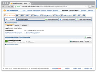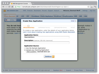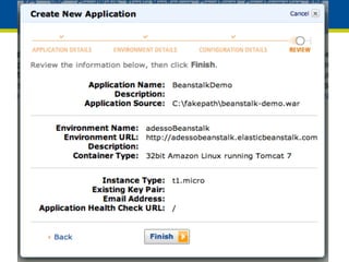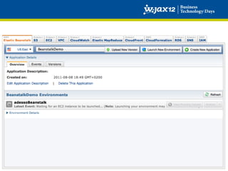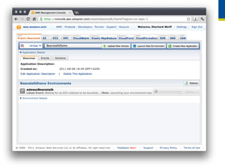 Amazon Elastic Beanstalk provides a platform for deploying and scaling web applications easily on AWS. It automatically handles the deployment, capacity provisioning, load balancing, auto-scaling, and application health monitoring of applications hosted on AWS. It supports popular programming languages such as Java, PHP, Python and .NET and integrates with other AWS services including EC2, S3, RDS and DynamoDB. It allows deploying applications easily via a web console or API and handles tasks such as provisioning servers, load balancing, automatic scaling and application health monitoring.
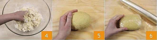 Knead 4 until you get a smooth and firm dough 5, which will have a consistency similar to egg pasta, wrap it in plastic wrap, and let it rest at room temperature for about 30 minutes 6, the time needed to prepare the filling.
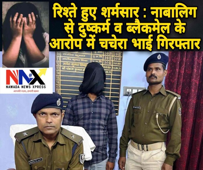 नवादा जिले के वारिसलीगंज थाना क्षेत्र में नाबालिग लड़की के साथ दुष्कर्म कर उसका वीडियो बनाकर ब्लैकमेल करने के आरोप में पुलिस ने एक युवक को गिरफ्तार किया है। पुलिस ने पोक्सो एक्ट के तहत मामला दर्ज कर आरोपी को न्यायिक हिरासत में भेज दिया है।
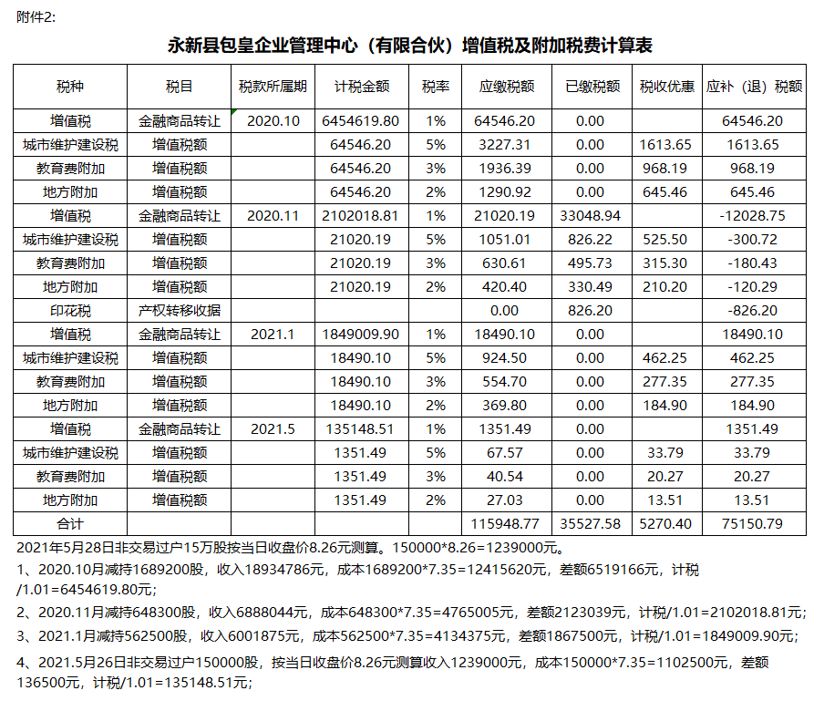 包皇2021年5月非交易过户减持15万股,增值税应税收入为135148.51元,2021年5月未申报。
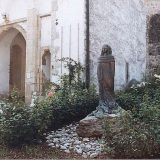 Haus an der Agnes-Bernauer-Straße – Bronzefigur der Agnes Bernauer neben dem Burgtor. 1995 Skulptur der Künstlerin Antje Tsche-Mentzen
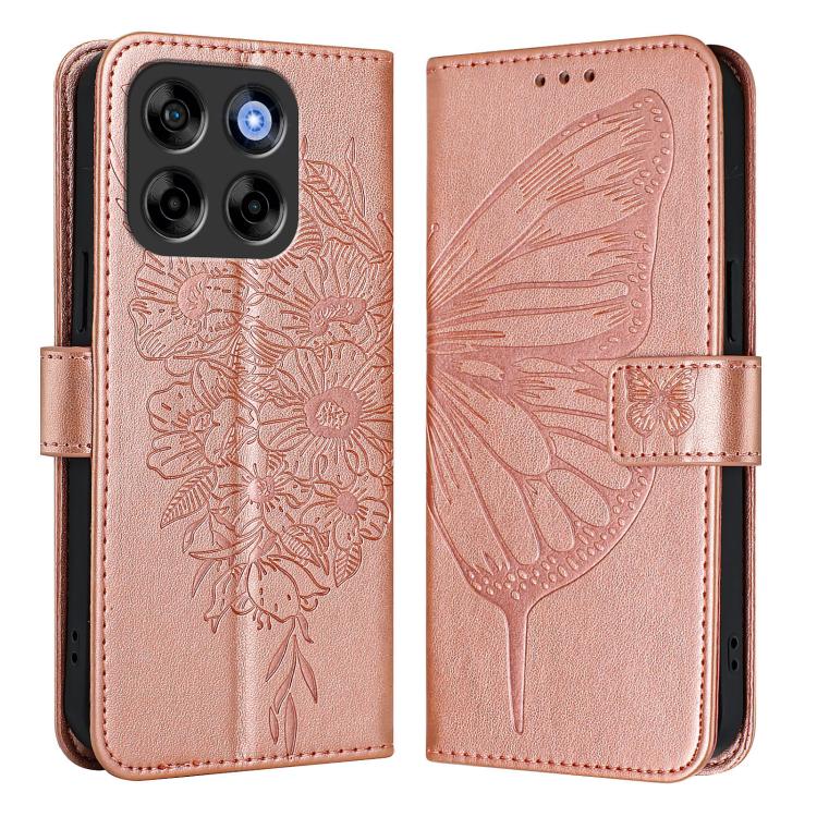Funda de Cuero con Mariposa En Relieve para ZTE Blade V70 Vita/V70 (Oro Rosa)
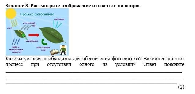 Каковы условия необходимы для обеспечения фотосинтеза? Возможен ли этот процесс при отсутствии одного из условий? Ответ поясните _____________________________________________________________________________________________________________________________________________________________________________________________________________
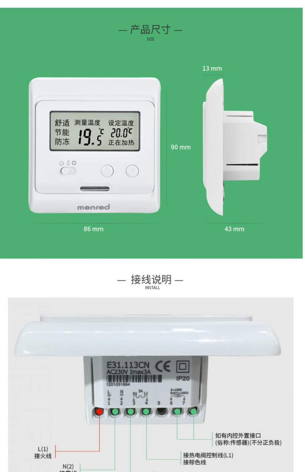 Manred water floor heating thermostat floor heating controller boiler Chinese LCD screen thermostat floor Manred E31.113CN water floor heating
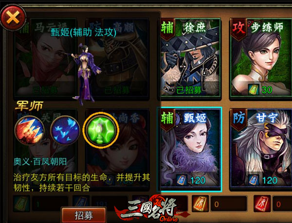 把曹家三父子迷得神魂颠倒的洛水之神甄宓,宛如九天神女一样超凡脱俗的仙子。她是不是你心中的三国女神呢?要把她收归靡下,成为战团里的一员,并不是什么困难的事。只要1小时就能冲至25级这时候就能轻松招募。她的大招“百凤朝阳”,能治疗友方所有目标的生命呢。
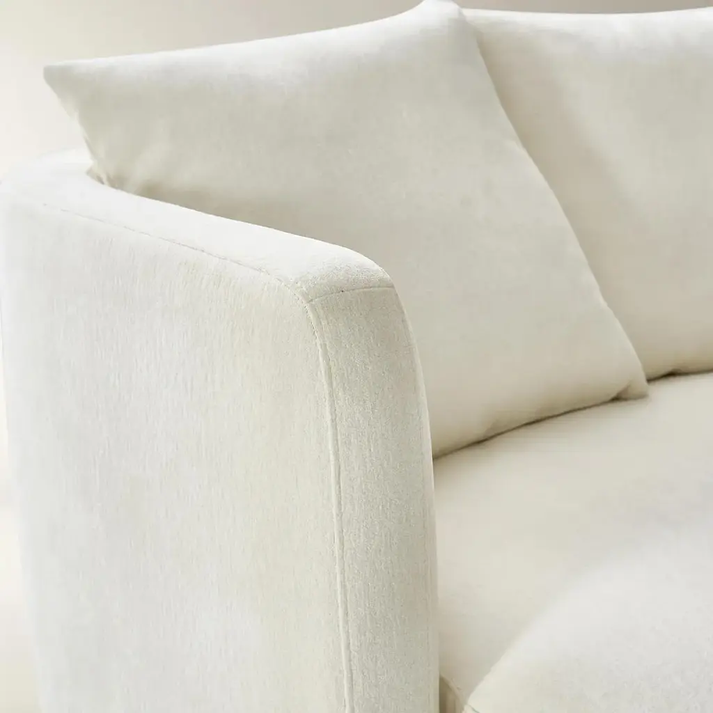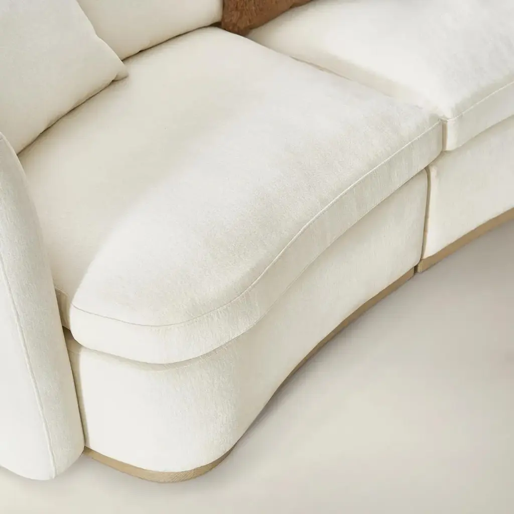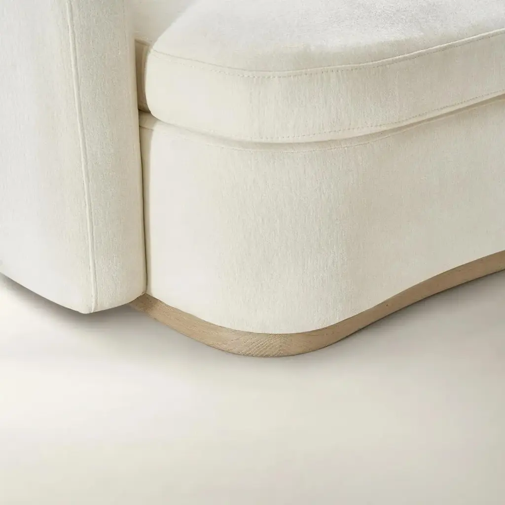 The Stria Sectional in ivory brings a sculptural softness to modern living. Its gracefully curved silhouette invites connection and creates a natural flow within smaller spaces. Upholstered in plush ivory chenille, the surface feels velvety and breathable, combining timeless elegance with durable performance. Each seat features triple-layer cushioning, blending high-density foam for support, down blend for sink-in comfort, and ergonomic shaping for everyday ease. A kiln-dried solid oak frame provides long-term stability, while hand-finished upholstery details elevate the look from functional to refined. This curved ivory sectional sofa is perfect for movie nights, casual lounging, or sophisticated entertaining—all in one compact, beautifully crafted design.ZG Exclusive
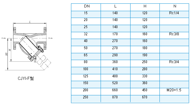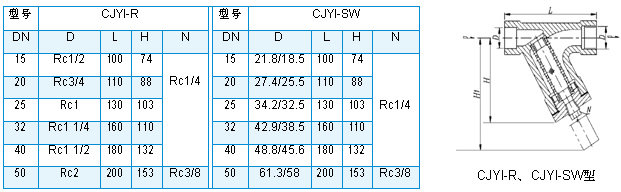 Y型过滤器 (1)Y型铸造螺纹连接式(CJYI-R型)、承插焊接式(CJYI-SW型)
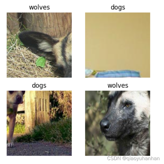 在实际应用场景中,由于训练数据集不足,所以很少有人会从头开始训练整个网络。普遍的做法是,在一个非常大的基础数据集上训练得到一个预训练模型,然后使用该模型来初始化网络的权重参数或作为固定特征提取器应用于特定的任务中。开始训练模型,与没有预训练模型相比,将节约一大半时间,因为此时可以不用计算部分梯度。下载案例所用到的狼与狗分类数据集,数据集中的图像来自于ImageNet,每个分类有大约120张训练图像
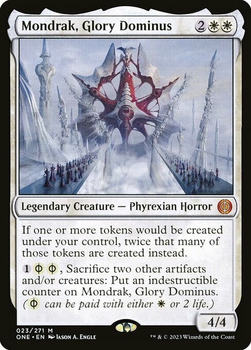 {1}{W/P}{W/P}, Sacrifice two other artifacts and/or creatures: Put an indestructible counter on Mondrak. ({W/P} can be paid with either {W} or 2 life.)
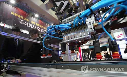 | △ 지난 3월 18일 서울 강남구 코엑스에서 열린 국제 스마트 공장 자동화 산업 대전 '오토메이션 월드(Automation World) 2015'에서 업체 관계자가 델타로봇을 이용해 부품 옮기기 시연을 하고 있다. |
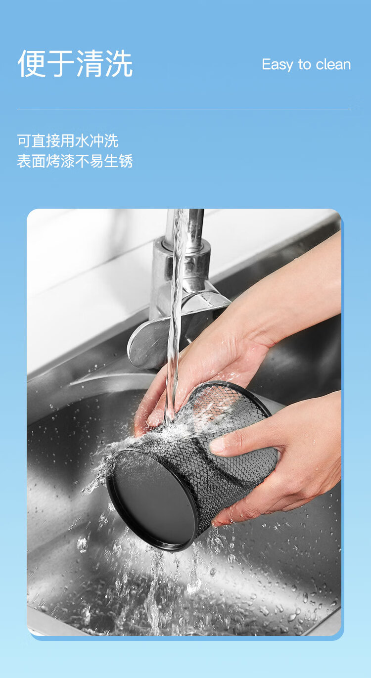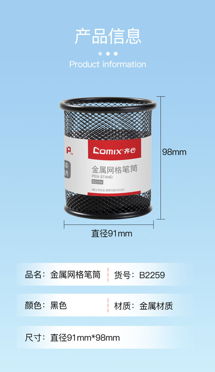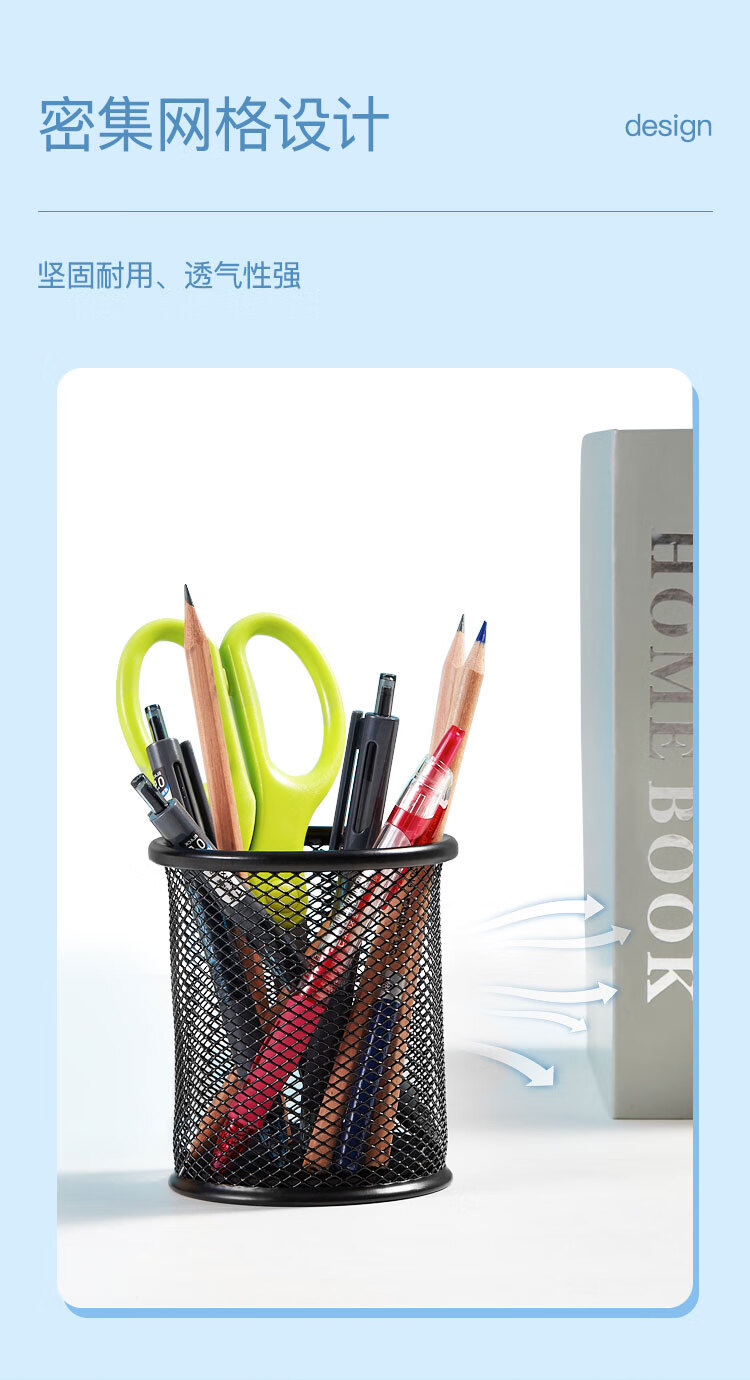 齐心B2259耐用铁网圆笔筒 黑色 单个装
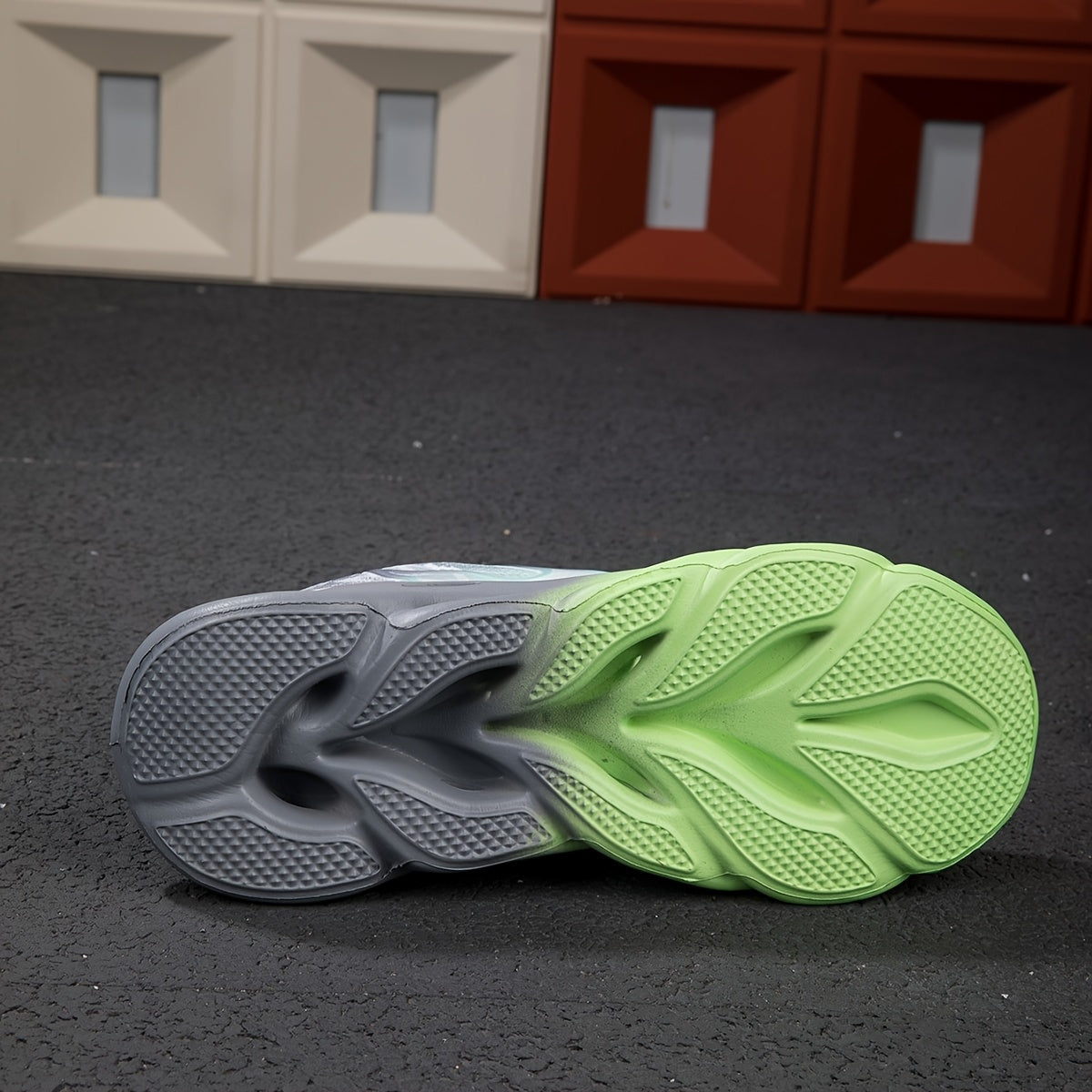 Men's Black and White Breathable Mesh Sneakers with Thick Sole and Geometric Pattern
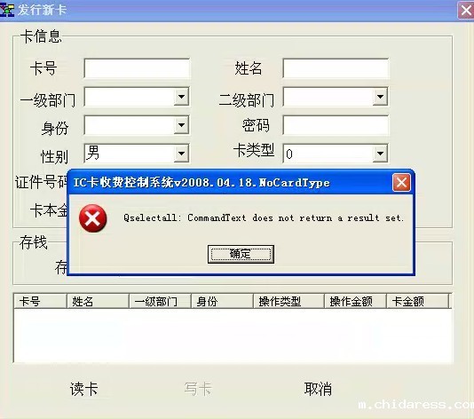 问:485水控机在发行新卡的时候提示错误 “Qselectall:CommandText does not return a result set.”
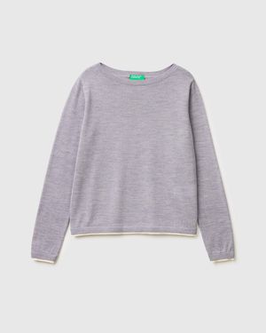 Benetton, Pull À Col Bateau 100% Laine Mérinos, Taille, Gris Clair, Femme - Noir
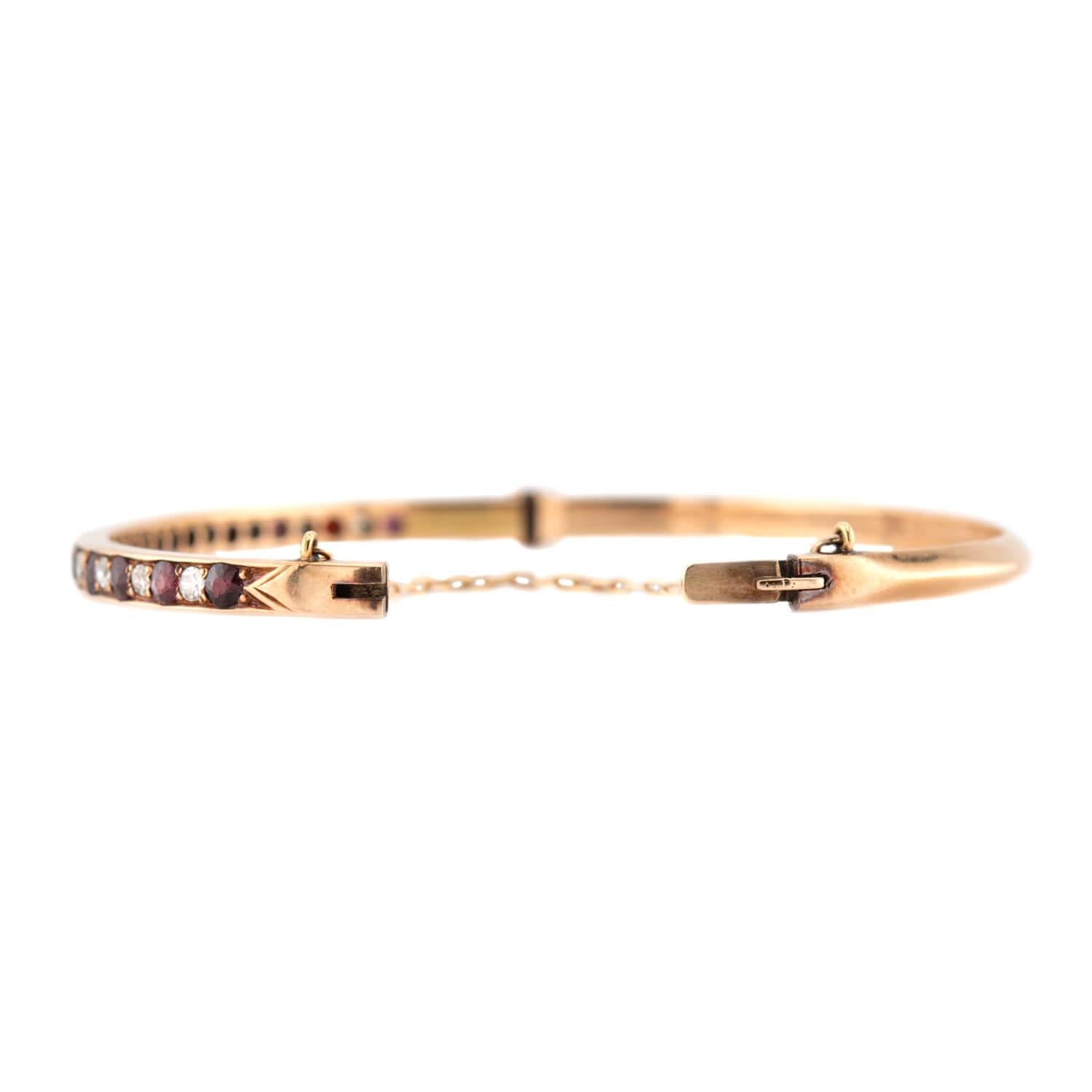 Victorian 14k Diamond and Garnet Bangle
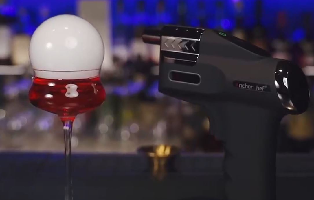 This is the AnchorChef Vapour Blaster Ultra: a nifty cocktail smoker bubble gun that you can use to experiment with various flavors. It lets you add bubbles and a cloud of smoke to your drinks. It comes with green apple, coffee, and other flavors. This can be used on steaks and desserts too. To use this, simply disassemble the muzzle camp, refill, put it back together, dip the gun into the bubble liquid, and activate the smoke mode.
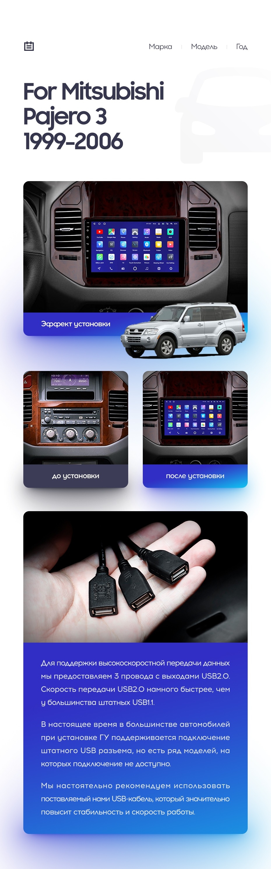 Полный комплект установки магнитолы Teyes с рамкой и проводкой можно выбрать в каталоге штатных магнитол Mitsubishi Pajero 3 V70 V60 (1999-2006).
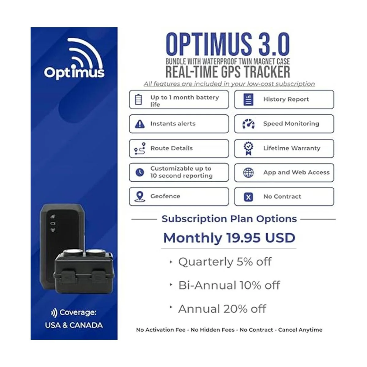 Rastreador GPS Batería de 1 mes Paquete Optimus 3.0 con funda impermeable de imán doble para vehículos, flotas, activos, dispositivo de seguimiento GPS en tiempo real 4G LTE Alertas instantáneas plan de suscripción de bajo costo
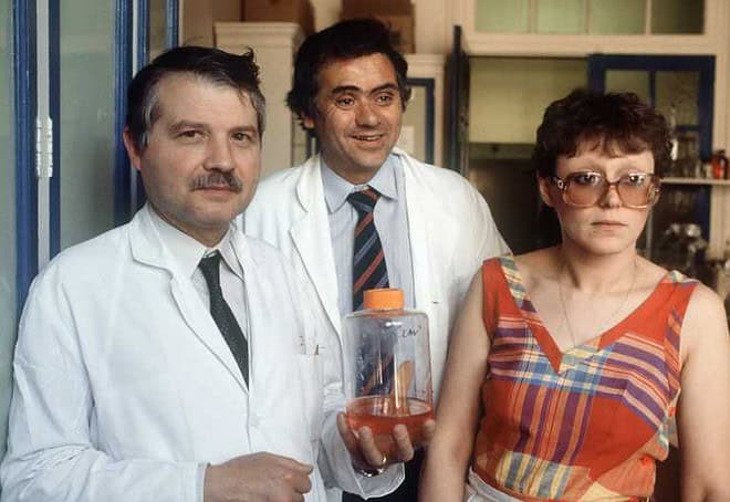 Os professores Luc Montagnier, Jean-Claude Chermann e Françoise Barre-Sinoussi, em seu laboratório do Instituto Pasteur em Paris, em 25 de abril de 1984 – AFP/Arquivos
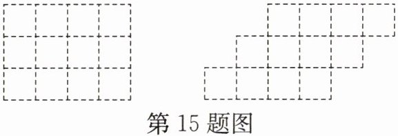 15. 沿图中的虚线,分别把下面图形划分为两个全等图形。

================

*EXERCISE INSTRUCTIONS*.
From the line that contains "Victorian 14k Diamond and Garnet Bangle" to the final line of the entries, reproduce every line exactly, both ends included. Leave out all pictures.

*PROBLEM SOLUTION*.
 Victorian 14k Diamond and Garnet Bangle
 This is the AnchorChef Vapour Blaster Ultra: a nifty cocktail smoker bubble gun that you can use to experiment with various flavors. It lets you add bubbles and a cloud of smoke to your drinks. It comes with green apple, coffee, and other flavors. This can be used on steaks and desserts too. To use this, simply disassemble the muzzle camp, refill, put it back together, dip the gun into the bubble liquid, and activate the smoke mode.
 Полный комплект установки магнитолы Teyes с рамкой и проводкой можно выбрать в каталоге штатных магнитол Mitsubishi Pajero 3 V70 V60 (1999-2006).
 Rastreador GPS Batería de 1 mes Paquete Optimus 3.0 con funda impermeable de imán doble para vehículos, flotas, activos, dispositivo de seguimiento GPS en tiempo real 4G LTE Alertas instantáneas plan de suscripción de bajo costo
 Os professores Luc Montagnier, Jean-Claude Chermann e Françoise Barre-Sinoussi, em seu laboratório do Instituto Pasteur em Paris, em 25 de abril de 1984 – AFP/Arquivos
 15. 沿图中的虚线,分别把下面图形划分为两个全等图形。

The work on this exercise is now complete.